Tuesday, November 12, 2013
Watched - Sinister
R, 110 minutes
'A true-crime writer finds a cache of 8mm home movies films that suggest the murder he is currently researching is the work of a serial killer whose career dates back to the 1960s.'
Hubby and I watched this the other day and, well, we pretty much hated it. I was ready to just give up even before the halfway point. Hubby thought it was boring and not going anywhere, but he's more tolerant of movies and was willing to continue watching, so I continued too.
One thing I absolutely hate in movies or TV shows is when things are visually dark. Sometimes there needs to be darkness, I understand that, but when sooo much time is spent in the dark it just makes things frustrating for the viewer. This movie spends way too much time in the dark, and it does nothing for creating tension or fear.

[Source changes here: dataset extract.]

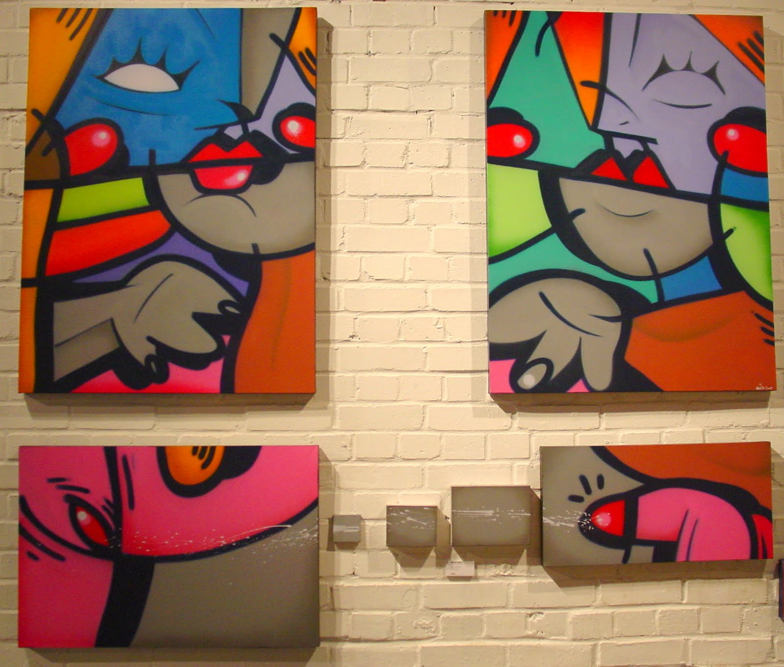 One pair of canvasses stand out for being stylistically different, Hunto adopts a Basquiat style use of scratchy lines to outline the cubist subject which unsurprisingly is what newpaper reports would refer to as “a sex act”, done over a fractal colour layer.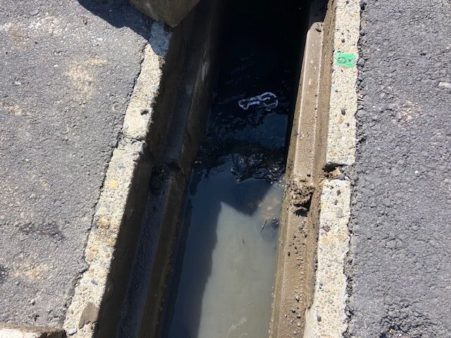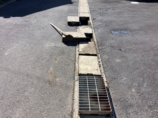側溝の清掃も兼ねながら確認。

Let me back up. The main character is a true-crime writer who hasn't had a successful book for ten years now. The subject of the book he is working on now is the murder of a family and it's one missing daughter. He moves his family into the house that family had lived in, but doesn't tell his family that part. While unpacking, he finds a box of old 8mm films and assumes it's family movies. What he finds is actually films of several other families being murdered. He becomes obsessed and haunted by this, trying to find out more about these other murders and seeing if they're connected.
And this is where the creepiness is supposed to come into it. He starts hearing noises in the house and is always going to investigate . . . in the dark. It's like every night is the same thing: watch the movies, hear the noises, go searching through the dark house. What is any of it accomplishing as far as the story? Nothing. It's just ooooh spooky things go bump in the night attempts at scaring the viewer. He does start to uncover some connections, like the creepy face he's discovered in each of the films, and that one child is missing from each family/murder scene. Things eventually become too intense for him and he takes his family and flees back home, to the house they previously lived in and luckily hadn't sold yet. But what he's uncovered in the other house doesn't seem to stay there. Ooooooh.
The acting in this movie was rather sucky. The wife, in particular, was highly annoying. Their son had unexplained 'night terrors' that seemed to serve no purpose but to have him show up in unexpected places for 'BOO!' type scare tactics. He'd already had these 'night terrors' in the past so you can't argue to me that it was in any way connected to the creepiness of the house. The daughter's fondness for painting on the walls served no real purpose either when there was only one of many creepy things that her parents ever noticed. And the main character's storyline was inconsistent in whether he really wanted to solve this or was just in it for the hoping of finding fame again. Well, we know the hope of finding fame again is what drove him, but at times it seemed they were trying to make him move beyond that only to swing it back to that in lame, forced arguments with his wife.
The very first old film, the one of the family being hanged, the one we kept seeing repeatedly throughout the movie, was indeed creepy and disturbing. The others were just 'Gee, how can we creatively kill this next family?' The grainy images of the the freaky face were creepy too. The rest of the movie was just a boring letdown.